Journal of Biomedical Informatics | 2009
Yan Chen; Huanying Gu; Yehoshua Perl; James Geller; Michael Halper
Each UMLS concept is assigned one or more of the semantic types (STs) from the Semantic Network. Due to the size and complexity of the UMLS, errors are unavoidable. We present two auditing methodologies for groups of semantically similar concepts. The straightforward procedure starts with the extent of an ST, which is the group of all concepts assigned this ST. We divide the extent into groups of concepts that have been assigned exactly the same set of STs. An algorithm finds subgroups of suspicious concepts.

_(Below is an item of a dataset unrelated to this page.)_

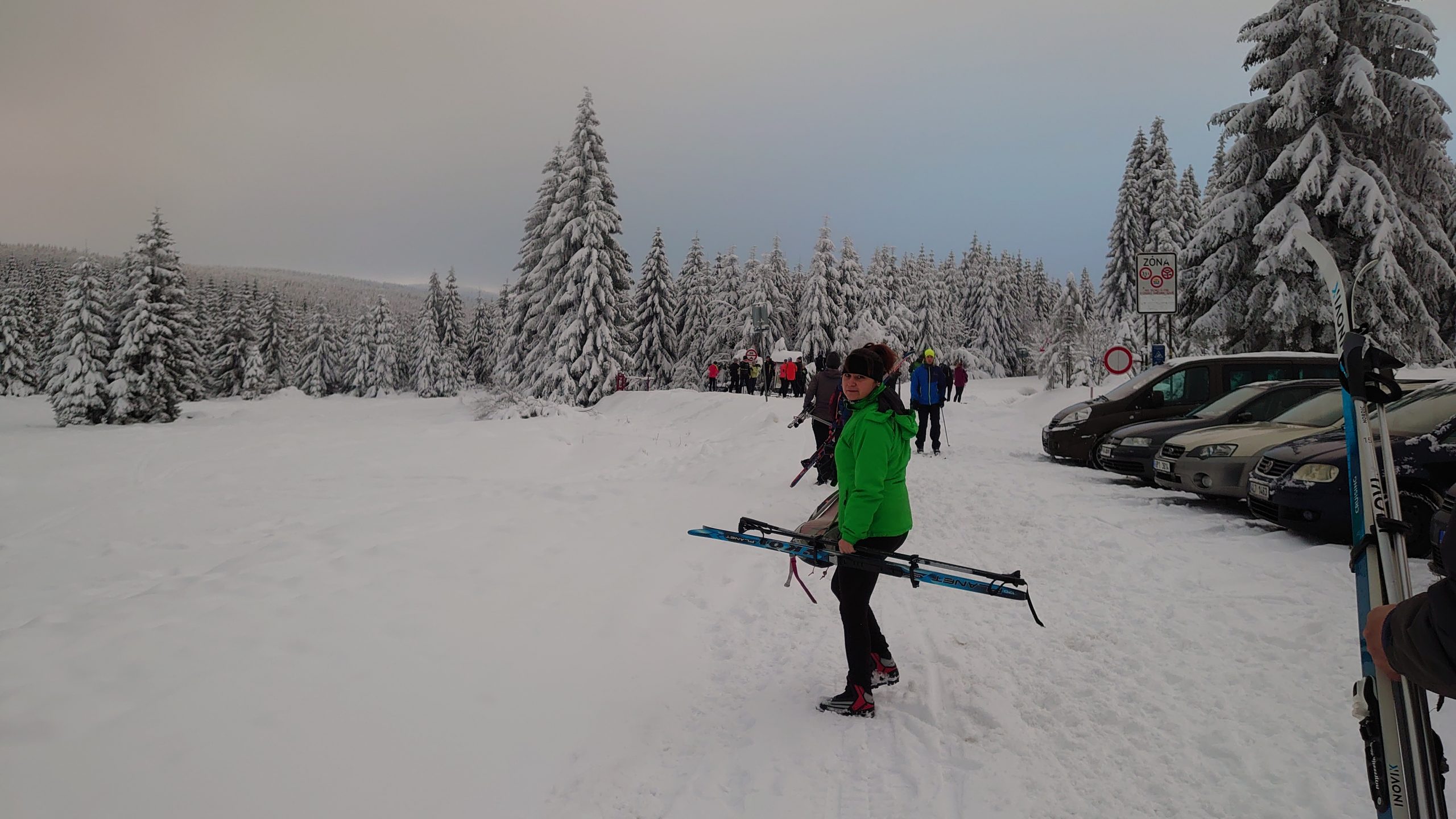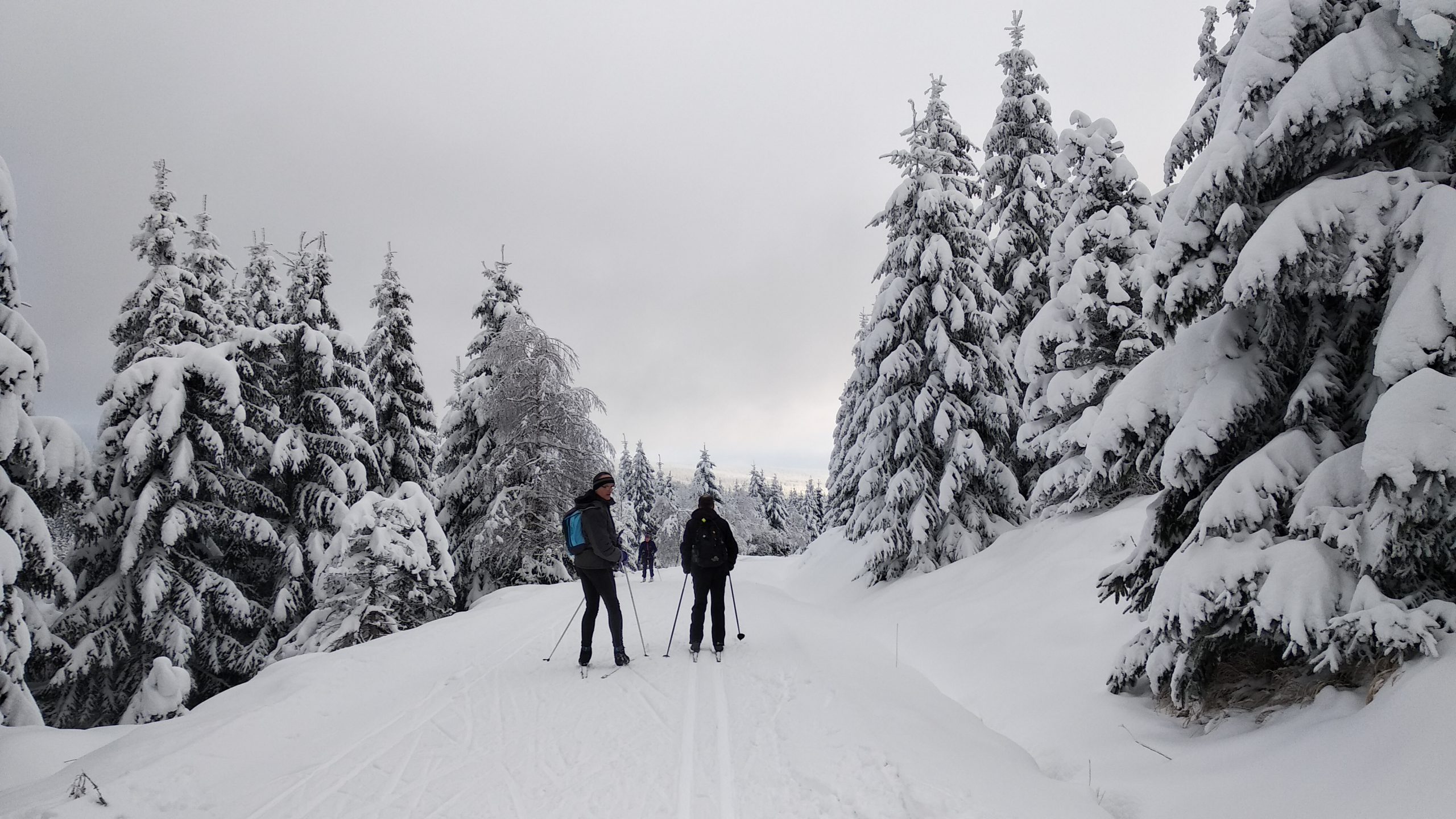 Naše první běžecké seznámení se sněhem v tomto roce nastalo o druhé sobotě v lednu na Smědavě. Pravá zima s pocukrovanými smrky lahodně doplňovala sportovní výkon tří parťáků za oblačného počasí na okruhu Předěl – Lupínek – Na Písčinách – Paličník – Předěl – Smědava.

The human auditor is presented with these subgroups, which purportedly exhibit the same semantics, and thus she will notice different concepts with wrong or missing ST assignments. The dynamic procedure detects concepts which become suspicious in the course of the auditing process. Both procedures are applied to two semantic types. The results are compared with a comprehensive manual audit and show a very high error recall with a much higher precision.